The Rome–Fiuggi railway (Ferrovia Roma–Fiuggi–Alatri–Frosinone) is a former railway built on the east part of Rome, Italy. It consisted of a 78.1 km long narrow gauge line from Rome to Fiuggi.

==History==
In March 1907, the Superior Council of Public Works gave its permission to build the line, which had been designed by Antonio Clementi.

Works were started in 1913 by the "Società per le Ferrovie Vicinali" (SFV), and the first section of the railway was opened for service on 12 June 1916, from Rome to San Cesareo and Genazzano, together with a branch line from San Cesareo to Frascati. The railway used a narrow gauge of , with electric traction and high-voltage direct current (850 V). In Rome, an SFV Station was constructed besides Roma Termini station, on the Esquiline Hill side.

At the start of services, trains were first and third class, with four couples of trains a day. However, services increased over the years. On 6 May 1916 the branch line Genazzano-Fiuggi was opened for service.

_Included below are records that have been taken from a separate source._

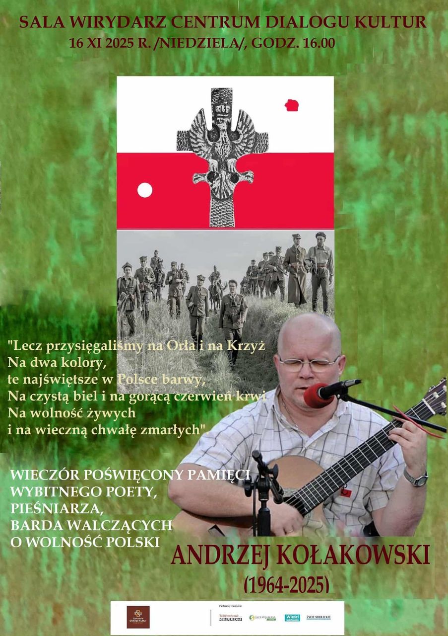 W najbliższą niedzielę, 16 listopada w Centrum Dialogu Kultur w Węgrowie odbędzie się wieczór poświęcony pamięci Andrzeja Kołakowskiego: opozycjonisty, poety i pieśniarza, barda patriotów walczących o wolność Polski. Gościem spotkania będzie przyjaciel barda, Andrzej Brzezik.
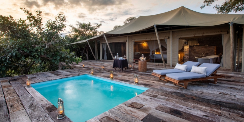 « Tembo », qui signifie éléphant en swahili, reflète le rythme paisible qui règne ici. En safari, vous rencontrez lions, éléphants et léopards. Envie d’une pause ? Offrez-vous un soin bien-être en plein air, sous le ciel africain. Côté gastronomie, Tembo Plains est une destination à part entière. Seul établissement Relais & Châteaux du Zimbabwe, il fait de la cuisine fine une véritable œuvre d’art : petit-déjeuner sous les acacias, déjeuners au bord de l’eau, dîners sous les étoiles ou peut-être même dans une cave à vin secrète. Le lieu du repas reste une surprise — tout comme les saveurs qui vous attendent.
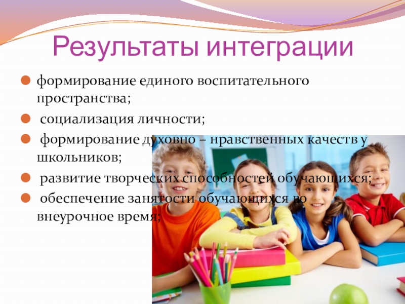 Результаты интеграцииформирование единого воспитательного пространства; социализация личности; формирование духовно – нравственных качеств у школьников; развитие творческих способностей

From Rome to Fiuggi trips lasted two hours and 45 minutes, but service was frequent, with a train departing every half-hour.

The Fiuggi-Alatri-Frosinone and Fiuggi-Vico nel Lazio-Guarcino branch lines were opened for service on 14 July 1917. In 1943–1944 the Roma-Fiuggi railway was partly destroyed by Allied bombing. In 1945 the line was reopened.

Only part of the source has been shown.